We went to Nike and Under Armour to see which was a better store - and the winner was clear
Business Insider/Jessica Tyler
Business Insider/Jessica Tyler
- Under Armour has been struggling to keep up with its biggest rivals.
- The brand has made a big push to be more fashionable, but many of its efforts have missed the mark.
- Nike, on the other hand, has brand cachet that Under Armour does not.
- We visited the flagship stores for Under Armour and Nike in New York City, and it was clear why Nike's styles have become more popular.
Under Armour has been struggling to keep up with its biggest rivals.
In a 2017 Wells Fargo survey of young male consumers, 27% of survey participants ranked Under Armour favorably, compared to 81% for Nike. Under Armour's shoe sales ground to a halt last year, and basketball star Kevin Durant dissed the brand in an interview with Bill Simmons, saying,"Nobody wants to play in Under Armours, I'm sorry. The top kids don't because they all play Nike." Durant is currently endorsed by Nike.
Under Armour has struggled to make its designs more stylish in an apparel market that's dominated by athleisure trends. Nike, on the other hand, has built a cult following for its premium apparel offerings.
We visited the flagship stores for Under Armour and Nike in New York City's Soho neighborhood, and it was clear which company had a better grasp on today's styles:
My first stop was Under Armour.
The store seemed fine based on my first impression. It felt very industrial and had a big screen with athletes endorsing the brand in the entryway. I visited midday on a Tuesday, and it was pretty empty besides the employees.

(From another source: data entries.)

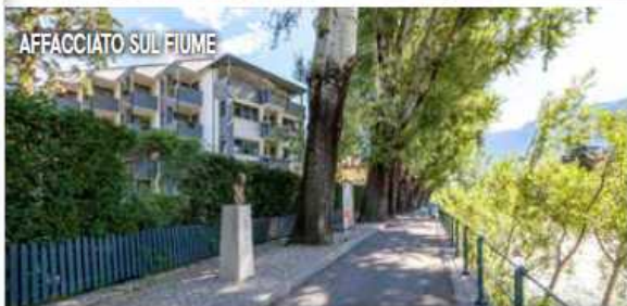
AFFACCIATO SUL FIUME

Il parco: i Giardini di Castel Trauttmansdorff, che si estendono su una superficie di 12 ettari e su un dislivello di oltre 100 m e presentano più di 80 paesaggi botanici. La mostra temporanea del 2024, Succu... cosa? , è incentrata sulle piante succulente. Info: www.trauttmansdorff.it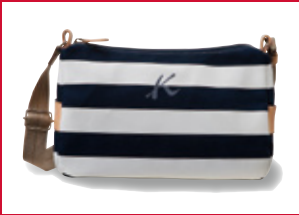
㊞ショルダー バッグ(綿・ 牛革/コン・ グレー・ベージュ) 15点限り 14,000円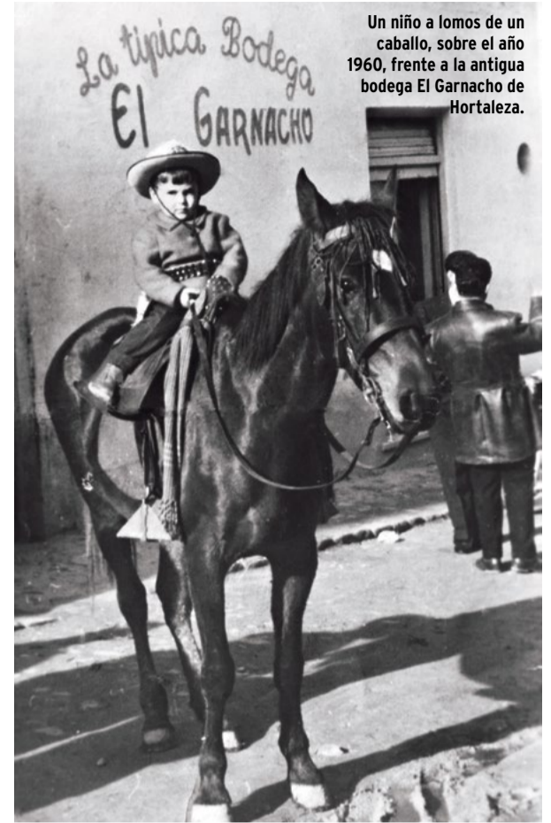
Un niño a lomos de un caballo, sobre el año 1960, frente a la antigua bodega El Garnacho de Hortaleza.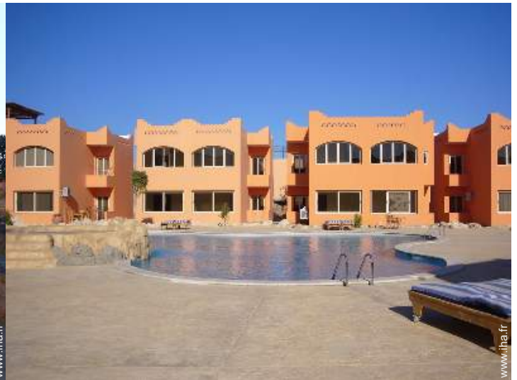
Résidence de standing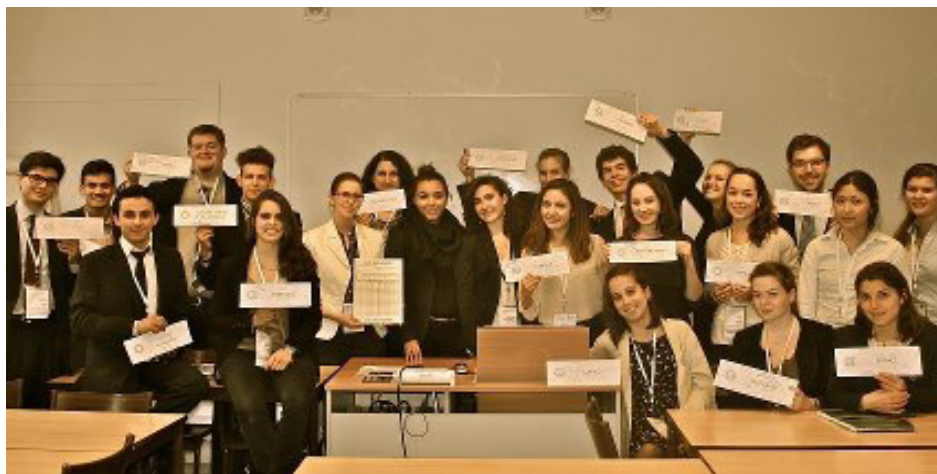
The NATO Committee at PIMUN 2012

The next MUN, which I participated in, was DanMUN, where I was faced with a completely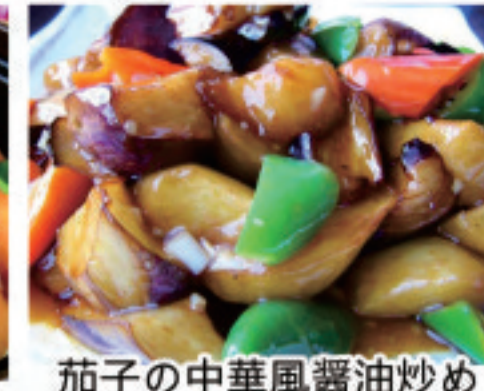
茄子の中華風醤油炒め 红烧茄子 Braised Eggplant in Brown Sauce ¥1,650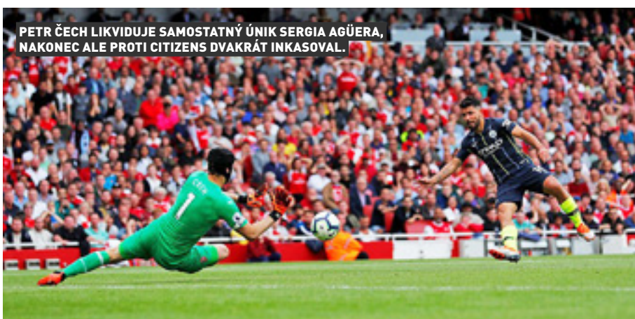
PETR ČECH LIKVIDUJE SAMOSTATNÝ ÚNIK SERGIA AGÜERA, NAKONEC ALE PROTI CITIZENS DVAKRÁT INKASOVAL.

V loňské sezoně deklasovali konkurenci, ligový titul ukořistili s obrovským náskokem devatenácti bodů na druhé rivaly z Manchesteru United. A fotbalisté Manchesteru City nyní ukázali, že jsou na obhajobu více než dobře nachystáni - před týdnem zdolali Chelsea 2:0 v bitvě o Community Shield a v prvním kole Premier League stejným poměrem hravě zvítězili na půdě Arsenalu.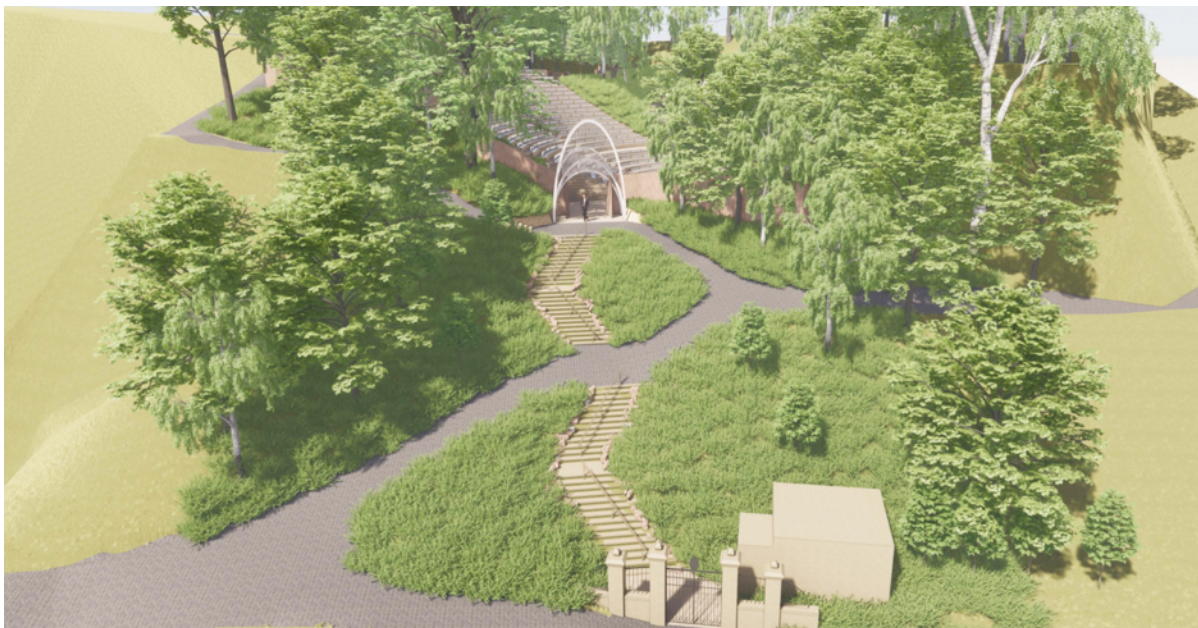
Het ontwerp voor de entree en geluidswerende wand (december 2020)

Door de groeiende aantallen bezoekers worden een aantal knelpunten steeds manifester. Als gevolg van een politieke beslissing in het begin van de eenentwintigste eeuw is het bestemmingsplan van het gebied, waarin het theater ligt, niet geheel adequaat.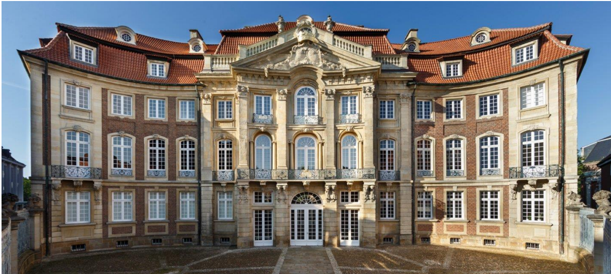
Schauplatz der Eröffnung und des 40-jährigen Jubiläums des Freiherr-vom-Stein-Instituts: Der Erbdrostenhof in Münster

Im Anschluss an die Diskussion bedankte sich Dr. Klein bei allen Teilnehmerinnen und Teilnehmern für den konstruktiven fachlichen Austausch. Im Foyer des Erbdrostenhofs ließen die Gäste die Veranstaltung bei einem Sektempfang ausklingen und verbanden dies mit weiteren Diskussionen in kleineren Gruppen sowohl zum Thema der Veranstaltung als auch zu Erfahrungen aus vier Jahrzehnten Geschichte des Freiherr-vom-Stein-Instituts an der Westfälischen Wilhelms-Universität Münster.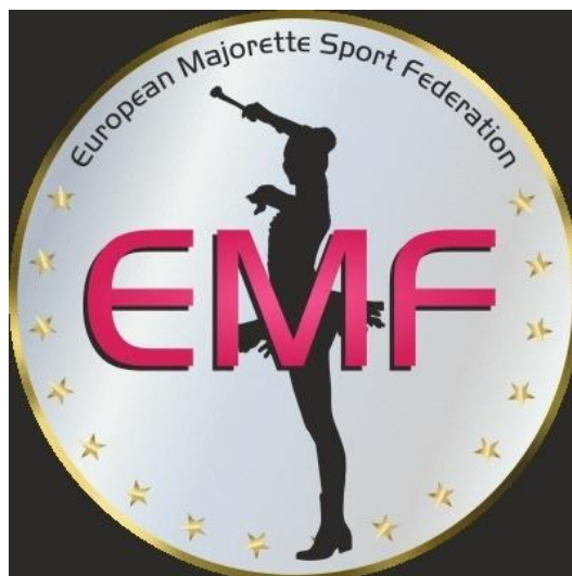
Slika 5. Grb EMF-a

U Hrvatskoj je prvi savez bio Hrvatski Savez Amaterskih Mažoret Timova (HRSAM) osnovan 1996. godine koji još uvijek djeluje. 1999. godine se dio timova nezadovoljan HRSAM-om odvojio u Hrvatski Mažoret Savez (HMS) koji je ujedno bio i suosnivač EMA-e. 2003. godine je u Sisku osnovan Savez Mažoretkinja i Pom-pon Timova Hrvatske kojeg je osnovalo pet timova nezadovoljnih HMS-om (SMPH, 2016). Od 2003. godine, SMPH krenuo je prema brzom napretku mažoret plesa i razvoju specifičnog stila pod okriljem MWF-a. U međuvremenu su osnovani i Hrvatska Udruga Mažoret Timova (HUMT) i Alliance Majorette Adriatica (AMA).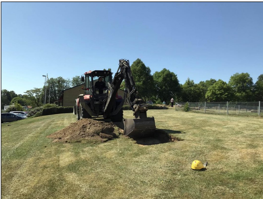
Fig.4 – Nordöstra delen av UO mot söder.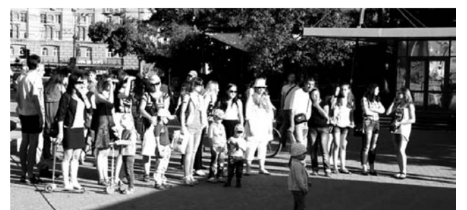
НА ФОТО: ФЕСТИВАЛЬ СОБРАЛ РАЗНООБРАЗНУЮ АУДИТОРИЮ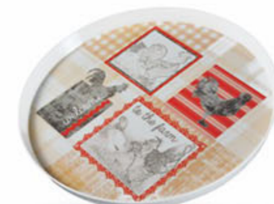
55239 托盘 280 × 280 × 22mm 6943203404265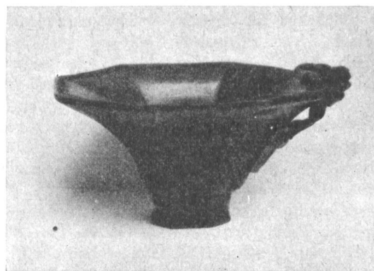
Bilder 3–5: Becher aus Rhinoceroshorn, aus Kanton (China), jetzt im Museum für Völkerkunde, Basel.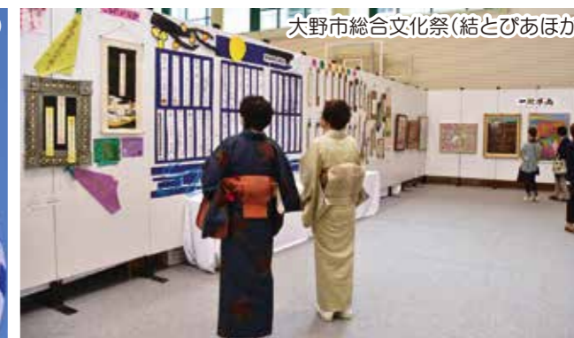
大野市総合文化祭(結とびあほか)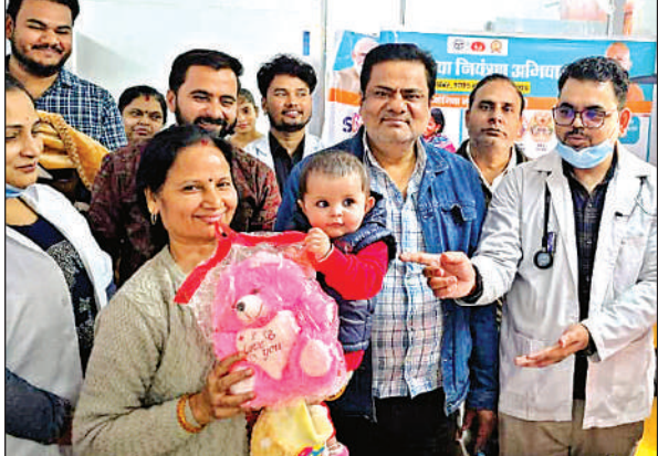
विजयी बेबी के साथ खड़ी स्वास्थ्य टीम व अभिभावक।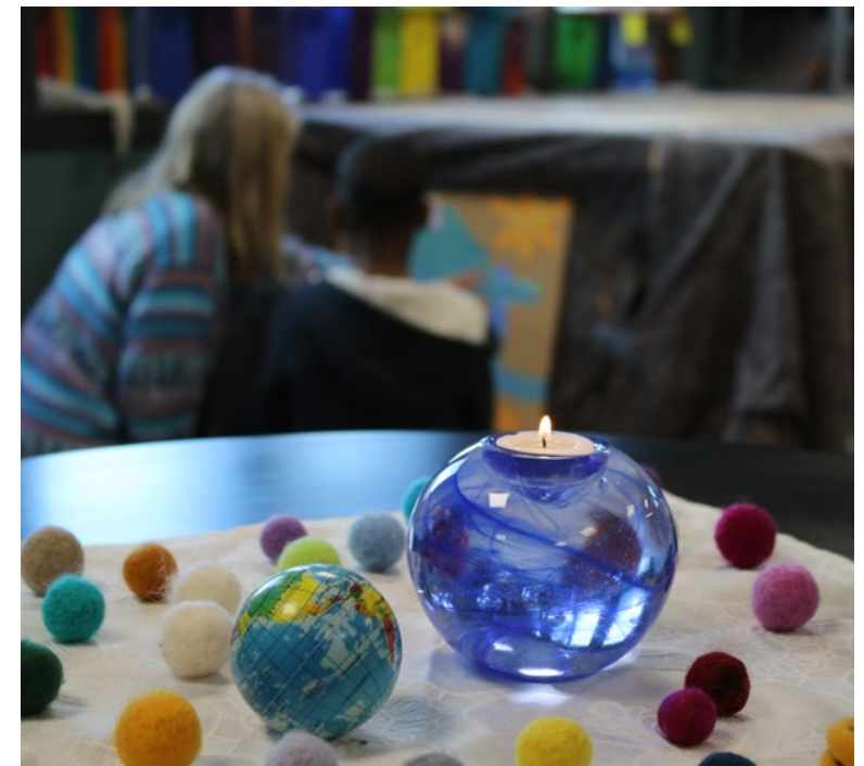
Åpning av malerverksted med jorda, lys og farger

Vi har delt resultatene inn i fire hovedområder. Første del vil omhandle en beskrivelse av Peacepainting sin metodikk og hvordan PP-malerverksted fungerer som et pedagogisk konsept. Vi vil deretter rette søkelys på barns deltakelse og opplevelse av verkstedene. Deres opplevelser er rettet mot erfaringer av sosiale samspill med de andre, og individuelle erfaringer av hvordan de selv opplevde å bruke maling som redskap for å kommunisere.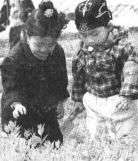
4月6日，两位小朋友被大棚内刚刚吐露嫩芽的小树苗吸引。太原市近百名家长当天带着自己的小宝宝来到位于太原市尖草坪区柴村的“爱弥尔早教中心科教基地”参加植树活动。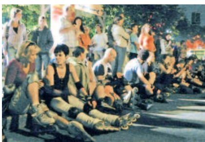
„Skate by Night“ mit Zwischenstopp in Hellersdorf (2012)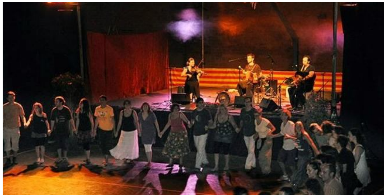
Imagen de la tercera edición del Berguedà Folk

Este fin de semana, el municipio de Puig-reig se convierte en la capital de la música y la danza de raíz tradicional. La octava edición del Berguedà Folk acoge en el Alberg de la Colònia Cal Pons de Puig-reig una veintena de actividades alrededor de la música folk. Entre las novedades de esta edición ( http://www.lavanguardia.com/local/bergueda/20160914/41299576118/bergueda-folk-puig-reig-musica-danza-tradicional.html ), destaca un número superior de talleres y actividades gratuitas como el taller de iniciación al baile folk, el taller familiar de baile folk, el taller de construcción de instrumentos y las sesiones matinales de yoga. Durante los tres días que dura el certamen –del 16 al 18 de septiembre– están programados una decena de actuaciones ( http://www.berguedafolk.cat/ ) de grupos musicales como Farigola Trad ,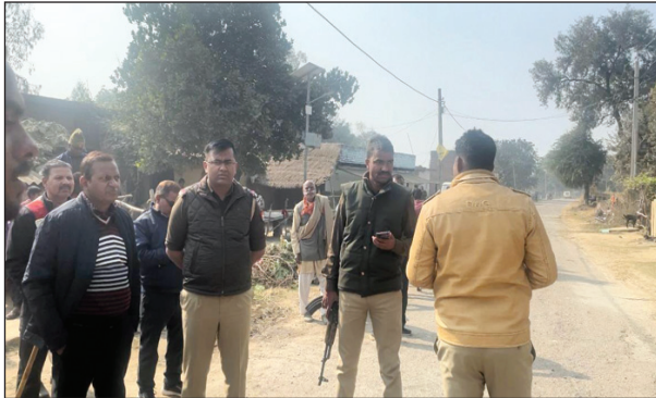
नवीन परती पर अवैध निर्माण को ध्वस्त कराते तहसीलदार व पुलिस टीम

मऊआइमा। करबा चौकी प्रभारी का स्थांतरण हुए दो माह गुजर गए। आज तक किसी भी प्रभारी की तैनाती न होने से विवेचना अधूरा पड़ा हुआ है। प्राप्त जानकारी के मुताबिक मऊआइमा कस्बा में तैनात प्रभारी का स्थांतरण हुए लगभग दो माह हो गए हैं। परन्तु आज तक कोई प्रभारी की तैनाती न होने से करबा की विवेचना का कार्य अधूरा पड़ा हुआ है। इसी प्रकार हल्का नम्बर एक में तीन दरोगाओं की जगह एक दरोगा, हल्का नम्बर दो में तीन दरोगाओं की तैनाती है। जबकि तीन में केवल दो दरोगाओं की तैनाती है। हल्का चार में तीन के स्थान पर एक दरोगा की तैनाती है। मऊआइमा में पुलिसकर्मियों की तैनाती न होने से क्षेत्र की निगरानी का भार तैनात अन्य दरोगाओं पर पड़ रहा है।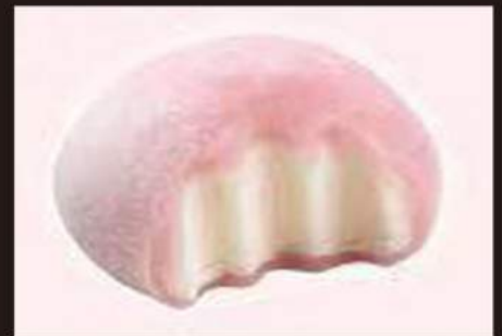
183. MOCHI Ciliegia 3,00€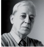
des Amis de Mohammed Dib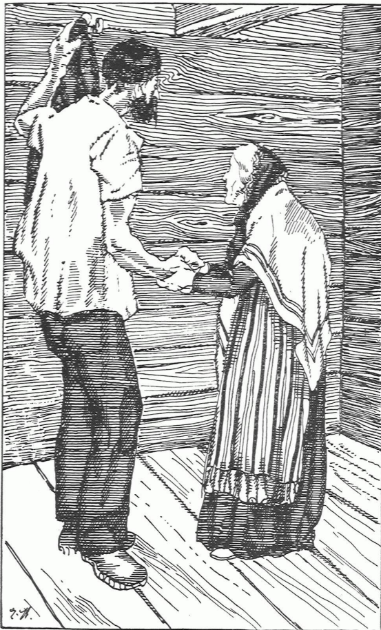
»Die Frauen von Tannö«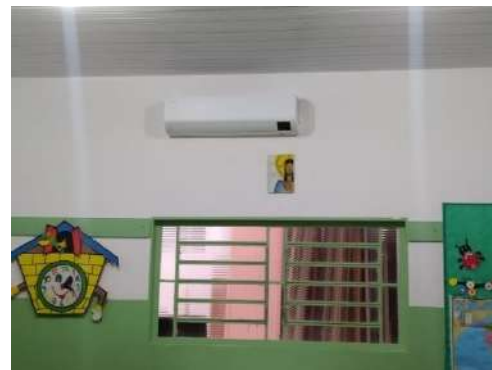
01 ar de 22btus – Sala 01 Paec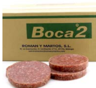
Hamburguesa Ternera Boca2 120 gr.: 230 00149 180 gr.: 230 00506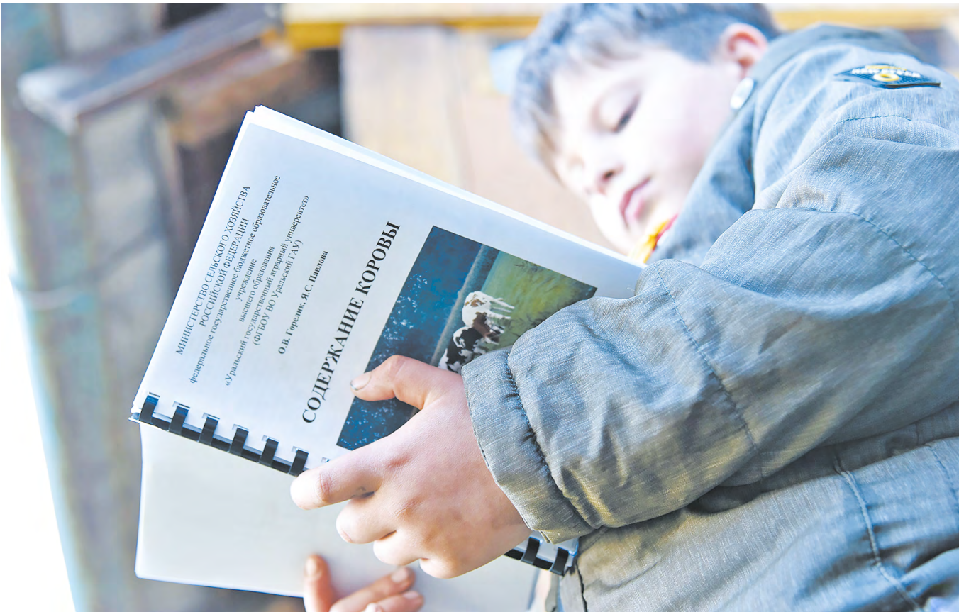
▲ Образовательная программа «Школа фермера» в Свердловской области объявила набор слушателей на пятый сезон.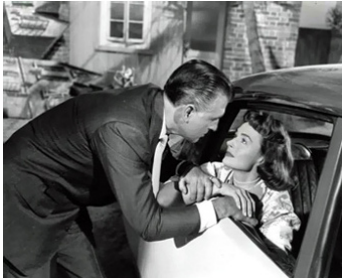
1958 LE CRIME ÉTAIT SIGNÉ (The Whole Truth) de John Guillermin avec Donna Reed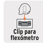
Clip para flexómetro

As I ventured further into the store, I was underwhelmed. One thing that jumped out was how limited the selection was. There were a lot of styles, but very few colors of everything available. For the most part, everything was in the $50 to $200 range.
The store felt very repetitive as I continued walking around. One thing that was confusing was that nothing was labeled. It looked like the store was meant to be set up in different departments — golf, basketball, and so on — but women's and men's clothes and athletic gear for different sports were all mixed together.
The women's selection on the lower level was about equal in size to the men's. There were fitting rooms and registers on each floor.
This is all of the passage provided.